> [TASK PROMPT]
Each line below from the one containing "Abb. 10: Lament" through the one containing "Wichtiger als die" is to be given again exactly, and no line outside that span.

───── DATA EXCERPTS

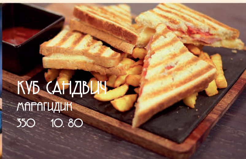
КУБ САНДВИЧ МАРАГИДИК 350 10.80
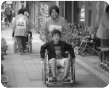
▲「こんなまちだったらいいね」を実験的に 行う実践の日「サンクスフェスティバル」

──────────
───── DATA EXCERPTS

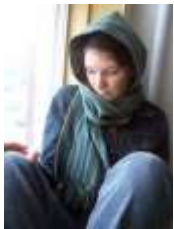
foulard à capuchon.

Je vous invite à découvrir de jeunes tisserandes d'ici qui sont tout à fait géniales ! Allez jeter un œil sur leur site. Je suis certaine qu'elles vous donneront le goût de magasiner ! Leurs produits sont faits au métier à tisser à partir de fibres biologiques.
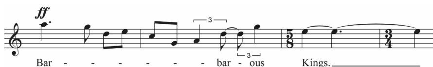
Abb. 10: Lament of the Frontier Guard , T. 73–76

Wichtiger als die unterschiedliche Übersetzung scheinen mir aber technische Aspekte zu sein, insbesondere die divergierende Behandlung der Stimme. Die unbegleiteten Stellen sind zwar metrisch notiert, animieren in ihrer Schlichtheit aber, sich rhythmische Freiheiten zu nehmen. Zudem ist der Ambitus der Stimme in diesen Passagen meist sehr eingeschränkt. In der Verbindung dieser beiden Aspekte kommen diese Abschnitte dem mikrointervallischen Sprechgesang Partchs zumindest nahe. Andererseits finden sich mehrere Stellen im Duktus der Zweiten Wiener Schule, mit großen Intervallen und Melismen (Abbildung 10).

──────────

> [PROBLEM SOLUTION]
Abb. 10: Lament of the Frontier Guard , T. 73–76

Wichtiger als die unterschiedliche Übersetzung scheinen mir aber technische Aspekte zu sein, insbesondere die divergierende Behandlung der Stimme. Die unbegleiteten Stellen sind zwar metrisch notiert, animieren in ihrer Schlichtheit aber, sich rhythmische Freiheiten zu nehmen. Zudem ist der Ambitus der Stimme in diesen Passagen meist sehr eingeschränkt. In der Verbindung dieser beiden Aspekte kommen diese Abschnitte dem mikrointervallischen Sprechgesang Partchs zumindest nahe. Andererseits finden sich mehrere Stellen im Duktus der Zweiten Wiener Schule, mit großen Intervallen und Melismen (Abbildung 10).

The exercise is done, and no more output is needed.